# Retirement Income Streams



## SadieRenee (May 12, 2012)

Hello All! 

I'm looking for suggestions and seriously debated which forum would be appropriate. My decision was made when the "work at home" group seemed to have more time to establish their endeavors than I feel we do. My husband is retired and I will be in about 8 years. We are looking for ways to make our homestead of 5 acres (field, no trees) support the inevitable taxes and insurance, and would appreciate ideas. Our house is quite small and since I work full-time at the moment, my time is limited, especially when garden season arrives (we live in mid-Ohio). We moved out of town to this beautiful place only 5 years ago and are still developing the property so creativity is a plus with this topic. Yes, I realize this is a very open-ended question and that is intentional so that your thoughts are not directed or boxed-in. This group has a wonderful tendency to branch in all directions! 

Thank you in advance.


----------



## anniew (Dec 12, 2002)

Part of a realistic answer depends on your (and your husband's) interests your skills, and your equipment for whatever. Give us a little more info, please.


----------



## TnAndy (Sep 15, 2005)

One side of the equation is income, the other is spending. I chose over the years to attack that latter part. For example, we have no water/sewer bill since we have a spring on the place and a septic system. Not to say there aren't occasional costs, but no regular (and ever increasing) bill.

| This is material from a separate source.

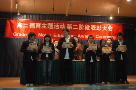 2008年9月8日晚7:00——7:30,高二年级组在学校风雨操场举行上学期德育主题活动表彰大会,获得德育奖的学生以及获得优秀电教员、优秀安全员的学生先后登上主席台,接受领导颁奖。校执行董事AndyChuang先生、执行校长孟学军先生、田振周校长等出席并颁奖,孟校长还发表了热情洋溢的讲话。会议秩序井然,同学深受鼓舞。
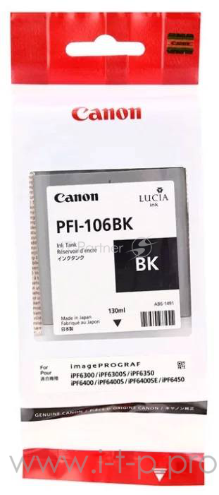 Картридж струйный Canon PFI-106 BK черный для iPF6300S/6400/6450 (6621B001)

I installed enough solar so that we have no bill and actually run a credit most months (offsetting the months we don't). Currently they owe us 500 bucks.

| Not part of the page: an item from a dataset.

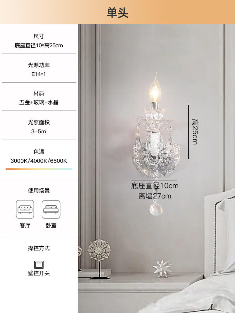 고급 감각 프랑스 침실 침대 머리 빛 고급 크리스탈 벽 램프 현대 2024 고급 감각 거실 배경 벽 램프스토어 가기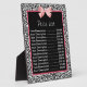 A cute and trendy leopard print retail price list sign with a modern black and white leopard pattern and embellished with a printed girly pink ribbon. Personalise by adding the name of your boutique and price list to the custom text template areas of the plaque. Flat printed image, not actual ribbon.

I built a tower for internet that is used by a local ISP...they pay us enough yearly to cover the property taxes (also ever increasing apparently) plus provide us a free connection (income + not spending in that area).

We raise much of our own food, all our meats, home process them all. Save money plus much better food.

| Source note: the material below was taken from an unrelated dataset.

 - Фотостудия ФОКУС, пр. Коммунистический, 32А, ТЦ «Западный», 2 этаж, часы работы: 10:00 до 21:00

We cut all our wood off the place that heats the house, so zero spent in heating. (yes, there are some costs associated with it, but far less than buying fuels)

I do 99% of any repairs around here. The Maytag repairman is sure getting his sleep.

I just bought a digital outdoor antennae....came today in fact. If it works out well, Dish, and their recent price increase, is $60/mo that won't go out of our income stream.

Took some money out of savings that was earning very little interest and bought a couple acres with a small rental on it that now provides 3 times the interest income + some good tax deductions.


----------



## Alice In TX/MO (May 10, 2002)

That is an awesome reply!!!!


----------



## SadieRenee (May 12, 2012)

anniew said:


> Part of a realistic answer depends on your (and your husband's) interests your skills, and your equipment for whatever. Give us a little more info, please.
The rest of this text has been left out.